The greater Pittsburgh area has been contending with a very annoying ninja infestation lately. If you’ve ever had a ninja problem yourself, you know that they’re really hard to get rid of, and if you see one, you can be sure there’s hundreds more where he came from.
The most recent outbreak occurred when a sword-wielding ninja was spotted breaking into 11 cars by a man named Santino Guzzo. When Guzzo confronted him, the ninja “tried to stab him”. Guzzo was packing heat, however, and drew his gun. That sent the ninja running off into the cover of darkness, yet he still somehow managed to “break the rear window of Guzzo’s car as he ran off”.

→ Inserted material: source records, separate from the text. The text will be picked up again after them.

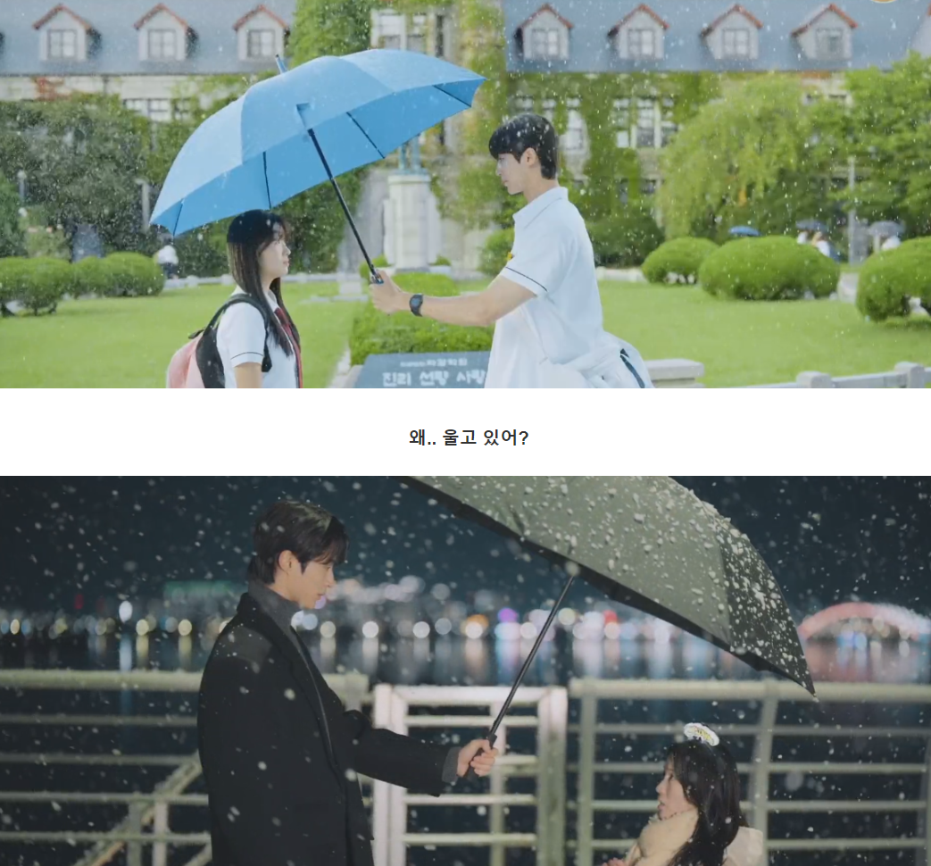 자 비를 맞고 있는 임솔에게 류선재가 다가와 우산을 씌워주고, 임솔은 2022년도에 자신에게 우산을 씌워줬던 류선재를 떠올리면서 1회는 끝이 납니다.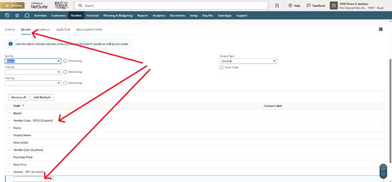 - Ex) Brand, Vendor Code, Name, Vendor Color, Purchase Price, Base Price, Season – OF1 (Custom)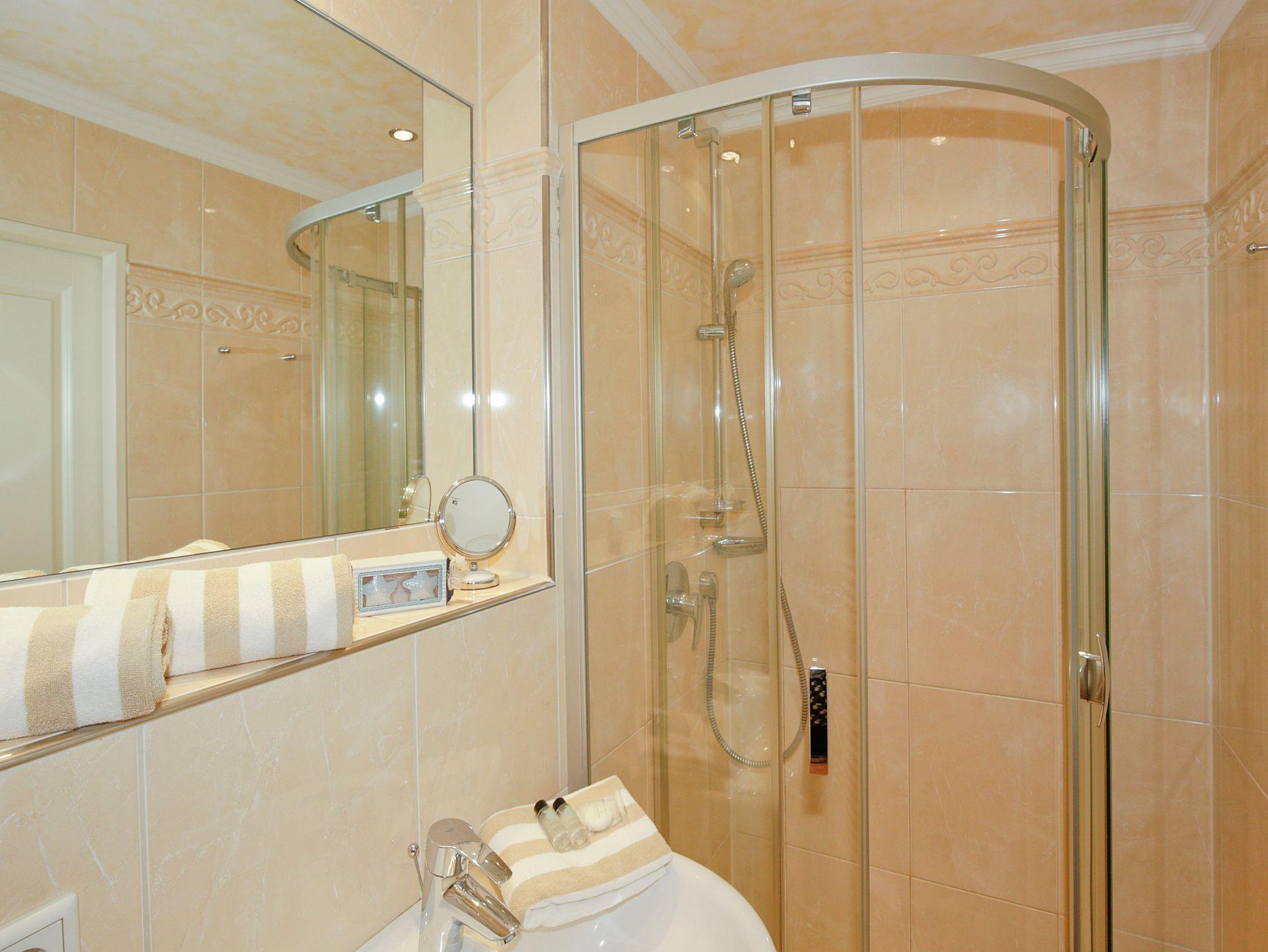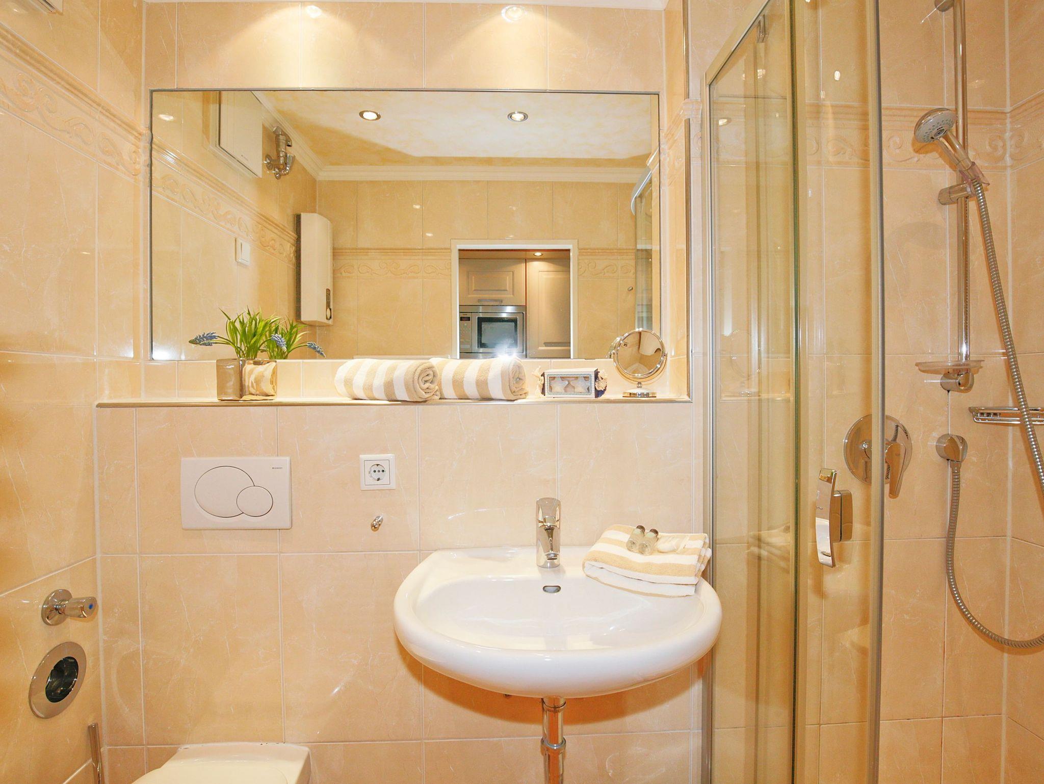 Im Bad befinden sich eine Dusche, ein WC, ein Waschtisch und ein Fön.

Guzzo said he chased the man, who did not move with the grace typically associated with a ninja.
“He was like a gazelle that just got attacked by a lion,” Guzzo said. “He got up and fell, and got up and fell. Then he jumped off a cliff.”
Less than two weeks prior, Ross Hurst, a resident of Scottdale (less than hour south of Pittsburgh), had left his four-year-old son sleeping alone at home – when police picked him up at 1.30am allegedly “pretending to be a ninja”.
Police insist Hurst was dressed all in black and “playing ninja” when they confronted him. They said Hurst claimed his [separated wife]was babysitting, but she told police she wasn’t.
“Oh, it was a big misunderstanding. I wasn’t playing ninja,” said Hurst. “I wasn’t playing anything. I went out for a jog. I told the cops that, but they didn’t believe me. It was a mistake. I’m not disputing that.